クラス識別変換構築部11では、第二に、前記識別器を全てのクラスに対して構成する。クラスcの識別器パラメータa(c)を行ベクトルとして表現したとき、全ての行ベクトルをまとめて、クラス識別変換行列を構成する。クラス識別変換構築部11の出力として、C行N+1列のクラス識別変換行列が得られる。ただしCは識別クラス数である。   Second, the class identification conversion construction unit 11 configures the classifier for all classes. When class c discriminator parameter a (c) is expressed as a row vector, all the row vectors are put together to form a class discrimination conversion matrix. As an output of the class identification conversion construction unit 11, a class identification conversion matrix of C rows and N + 1 columns is obtained. Where C is the number of identification classes.

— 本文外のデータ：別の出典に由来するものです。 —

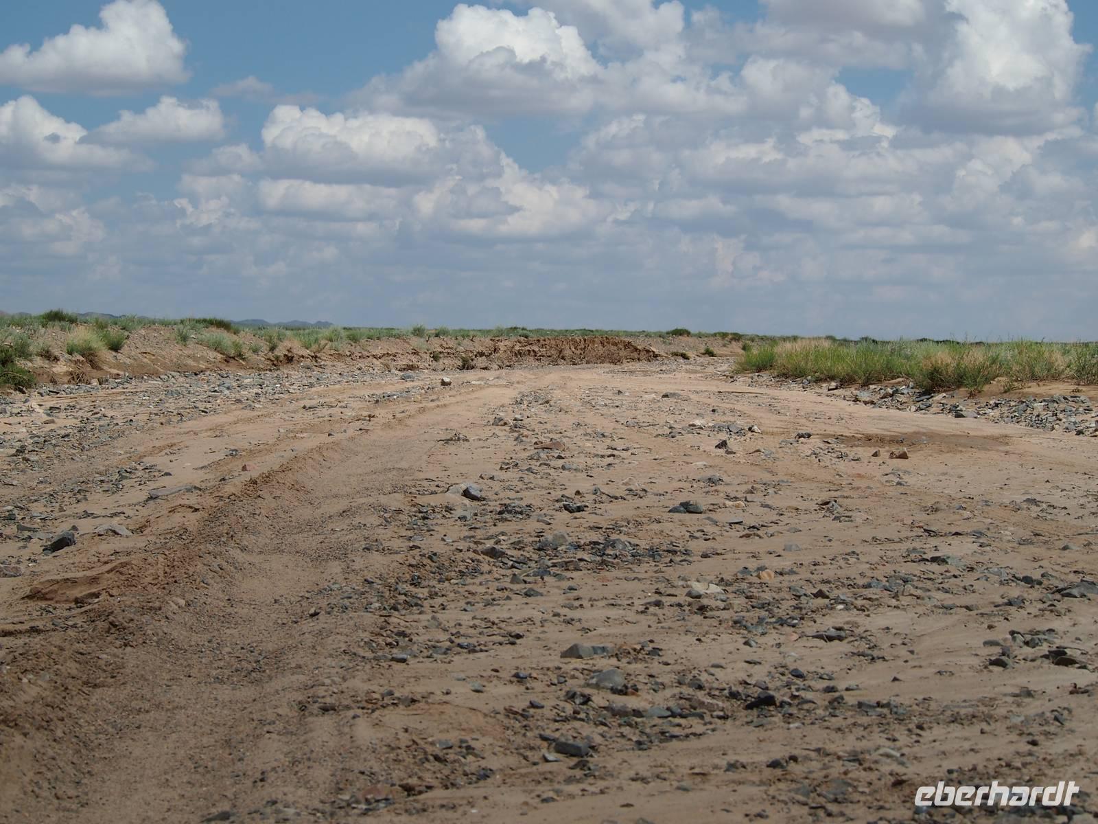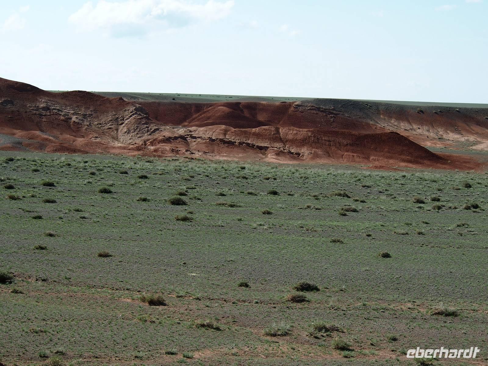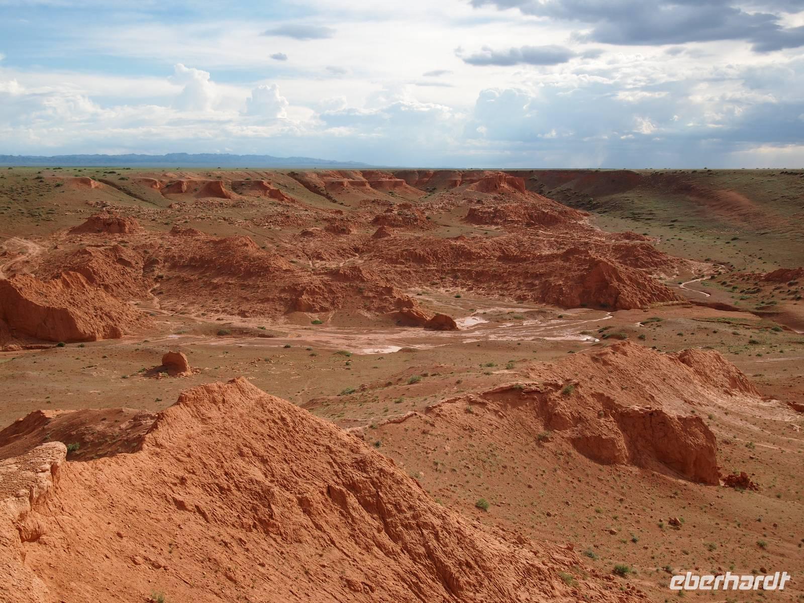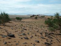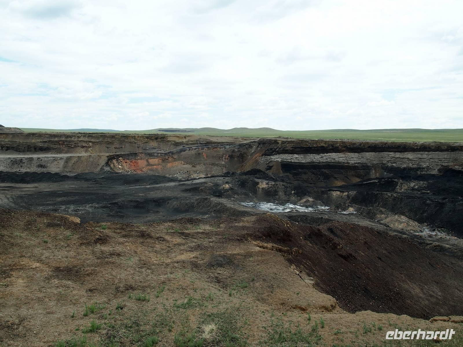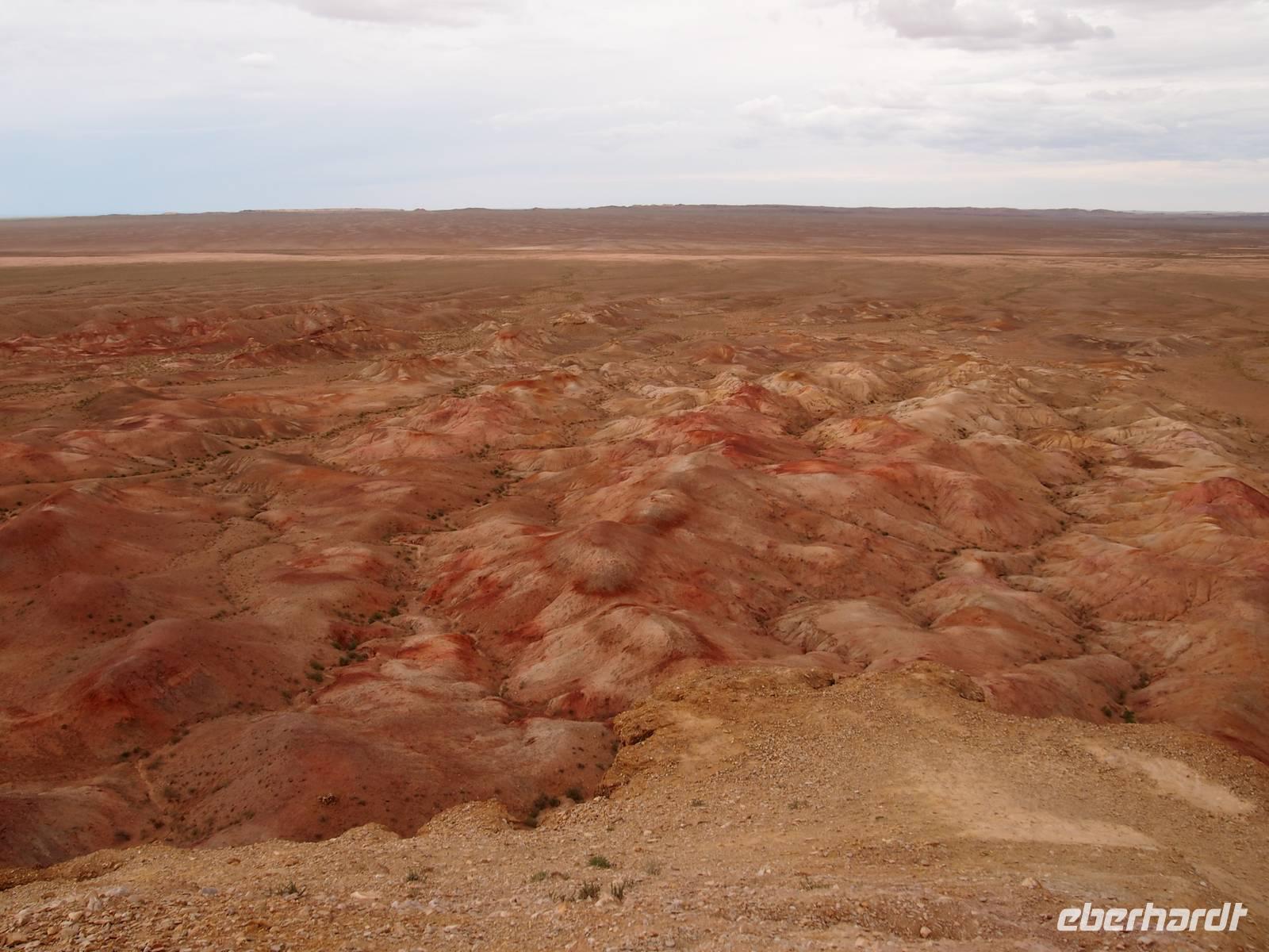 Weiter ging es vorbei an einem Kohletagebau. Wieder kam eine andere Geruchswelt auf uns zu und faszinierte uns irgendwie, dennoch passte es trotzdem nicht zu den schönen Blumenwiesen, die wir kurz zuvor gesehen haben. Nach gut1 ½ Tagen sind wir heute auf eine größere Stadt gestoßen, Mandalgovi, mit 10.000 Einwohnern. Hier sah man zum ersten Mal eingezäunte Jurten und endlich wieder eine asphaltierte Straße. Am Ortsausgang haben wir eine kleine Mittagspause eingelegt. Die weitere Fahrt führte uns vorbei an einer Herde Kamele. Mittlerweile fuhren wir wieder auf einer asphaltierten Straße, die einfach nur gerade durch das Land führte. Man hatte das Gefühl, als würde sie niemals enden. Nach einer knappen Stunde Fahrt über diese Straße wurden wir endlich wieder durchgeschüttelt, da die Fahrer auf die Schotterpiste in Richtung „White Stupa" abbogen. Auffallend war zu beobachten, wie die Steppe langsam zur Wüste überging. Die Pflanzen wurden immer weniger und es tauchte immer mehr Sand auf. Das absolute Highlight des Tages war die „White Stupa", eine Schlucht die mit Worten kaum zu beschreiben ist. Eine gleichzeitig skurrile und anmutige Gesteinsformation. Einige Gäste waren besonders waghalsig und mutig und stellten sich auf einen Felsvorsprung, um die Weite noch besser auf sich wirken zu lassen.

次元圧縮・線形直交変換構築部12では、前記クラス識別変換構築部11で得られたクラス識別変換の次元圧縮・線形直交化を行う。   The dimension compression / linear orthogonal transformation construction unit 12 performs dimension compression / linear orthogonalization of the class identification transformation obtained by the class identification transformation construction unit 11.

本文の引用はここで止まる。